Ardha Hanumanasana: Half Front Splits Pose


Ardha hanumanasana (are-dah hah-new-mahn-AHS-anna), also known as half front splits pose, is a great stretch for your hips, hamstrings, calves, and lower back. An approachable posture for most individuals, ardha hanumanasana strengthens the muscles needed to practice front splits safely with the correct muscles properly engaged.

Philosophy + Origin

One of the main characters of the Ramayana is Hanuman, the famous monkey god, devotee of Lord Rama, and son of Vayu (the god of wind). He is celebrated in the pose hanumanasana, which physically represents his famous “leap of faith,” taking him across the ocean from India to the Himalayas. Of course, this leap didn’t happen overnight. Ardha hanumanasana, the preparatory pose for hanumanasana, can represent the stability and strength needed to make grand, world-changing (or life-changing) gestures. Rather than only focusing on gaining flexibility, use ardha hanumanasana to create a healthy balance of flexibility and strength. When practicing ardha hanumanasana, remind yourself of the dangers of only being flexible in life. In order to really get where you want to go, you must also be strong and stable.

ADJUSTMENTS/MODIFICATIONS:

  • Use blocks under the hands to help keep the torso erect and the spine long.
  • Keep the hands directly under the shoulders.
  • As flexibility increases, try walking the hands down the extended leg towards the feet.

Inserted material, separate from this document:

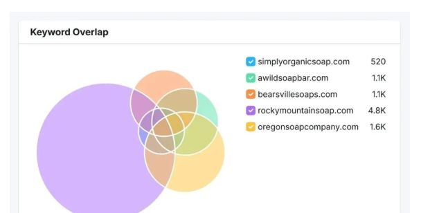 你会看到关键词重叠的概览。将光标放在图表中的交叉点上,查看你与其他网站共享的关键词数量。

CONTRAINDICATIONS AND CAUTIONS:

  • Back injuries or back pain, especially in the lower back
  • Hip, hamstring, or groin injury

TIPS:

One of the underlying benefits of practicing ardha hanumanasana is its ability to teach proper muscular engagement. Because hanumanasana can be so intense (or so easy), it is often practiced poorly when it comes to alignment and physical engagement. While working in ardha hanumanasana, pay attention to your muscles, especially around the pelvis. Rather than collapsing into the joints–which puts muscles and joints at risk–learn to be active rather than passive. Focusing on the right muscular actions can relieve discomfort around the inner knees, the SI joints, and hamstring attachments.

STEP-BY-STEP:

  1. Start in a lunge with your right foot forward and your back knee on the ground. Shift your hips back to stack over your left knee, and straighten your front leg to a place where you feel a stretch, but not strain.
  2. Flex your right toes toward your face so that the sole of your foot is off the mat. Place your hands directly under your shoulders, either on the floor or on blocks. Make sure you keep length in your spine, both front and back.
  3. Keep your right kneecap pointed directly up, with at least a small bend behind your knee to prevent hyperextension. Engage your quadriceps.
  4. Press down through your fingertips to keep length in the torso and engage the muscles in your belly.
  5. To deepen the stretch, begin to walk your hands toward your feet. As you work in the pose, focus on pulling the pinky toe of your right foot back towards your face and pressing forward with the ball of your foot right under the big toe.
  6. Hold the pose for up to 60 seconds before re-bending the front knee and returning to a lunge. Repeat on the other side.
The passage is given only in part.